1 . I respectfully disagree with the Court as regards the applicant ’ s complaint about the lack of fairness in the criminal proceedings brought against him. In my view, there has been a violation of Article 6 §§ 1 and 3 (c) of the Convention in this case.

2 . As the Court explains at paragraph 10 of its judgment, the applicant ’ s confession was preceded by a conversation with R.R., a lawyer who subsequently signed the record of his questioning. According to the applicant, R.R. was appointed by the police. This is borne out by R.R. ’ s own testimony before the national Court of First Instance, to which the Court refers at paragraph 23 of its judgment. R.R. also acknowledged that, although she had purported to act as the applicant ’ s legal-aid lawyer, she had not been formally authorised to do so by the police.

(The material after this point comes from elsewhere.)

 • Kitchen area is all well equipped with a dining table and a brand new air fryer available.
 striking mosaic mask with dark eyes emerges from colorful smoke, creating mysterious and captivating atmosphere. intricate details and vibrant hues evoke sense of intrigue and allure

3 . There is nothing in the record to suggest that the applicant ever explicitly chose to accept R.R. ’ s assistance, as the Court of First Instance noted in the decision which the Court discusses at paragraph 27 of its judgment. Nor is there any evidence as to how this choice would have been made: the applicant does not appear, for example, to have been presented with a list of lawyers from which to select counsel.

4 . Nevertheless, the national appellate courts admitted the confession into the case file. They reasoned that, while it was not done explicitly, the applicant had tacitly accepted R.R. as his lawyer. In short, they took the applicant ’ s mute acquiescence in his questioning as circumstantial evidence of a decision to accept R.R. ’ s counsel. They did so despite the applicant ’ s allegation that he had been slapped by a police officer prior to R.R. ’ s arrival – an allegation which the Court now unanimously recognises as credible –and his testimony that the same officer was present throughout his interaction with R.R. (see paragraph 12 of the judgment).

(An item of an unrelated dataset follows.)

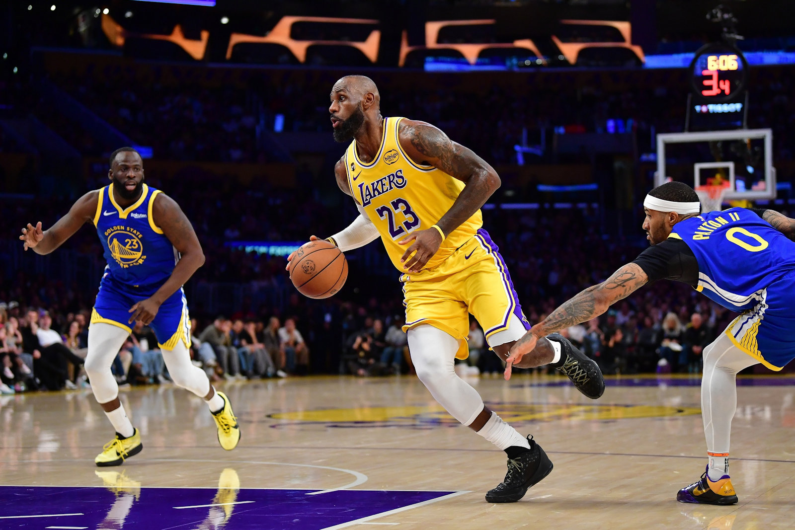 Malgré un 2/17 à 3-points pour débuter le match, les Warriors prennent les devants en provoquant cinq pertes de balle des Lakers et grâce à un Gary Payton II au four et au moulin (17-10). Austin Reaves (16 points, 8 passes, 5 rebonds) et le néo-Laker Luke Kennard (10 points) réveillent leur équipe avec un 8-0, mais, après de nouveaux ballons perdus, Golden State se régale au rebond offensif pour virer en tête à la fin du premier quart-temps (21-20).

5 . Today, the Court “fully endorse[s]” this reasoning at paragraph 113 of its judgment. In support of the conclusion reached by the national appellate courts, it appears to offer (at paragraph 111 of its judgment) an additional reason of its own: the applicant ’ s apparent waiver of his right to have counsel present during the search of his home. However, the Court immediately (and, in my opinion, correctly) undercuts this dubious point by acknowledging that “a waiver of the right to have one ’ s lawyer present during a search at a point when one has still not been formally charged with anything does not amount to an unequivocal waiver in respect of one ’ s right to have present a lawyer of one ’ s own choosing during any subsequent questioning by the police relating to specific charges”.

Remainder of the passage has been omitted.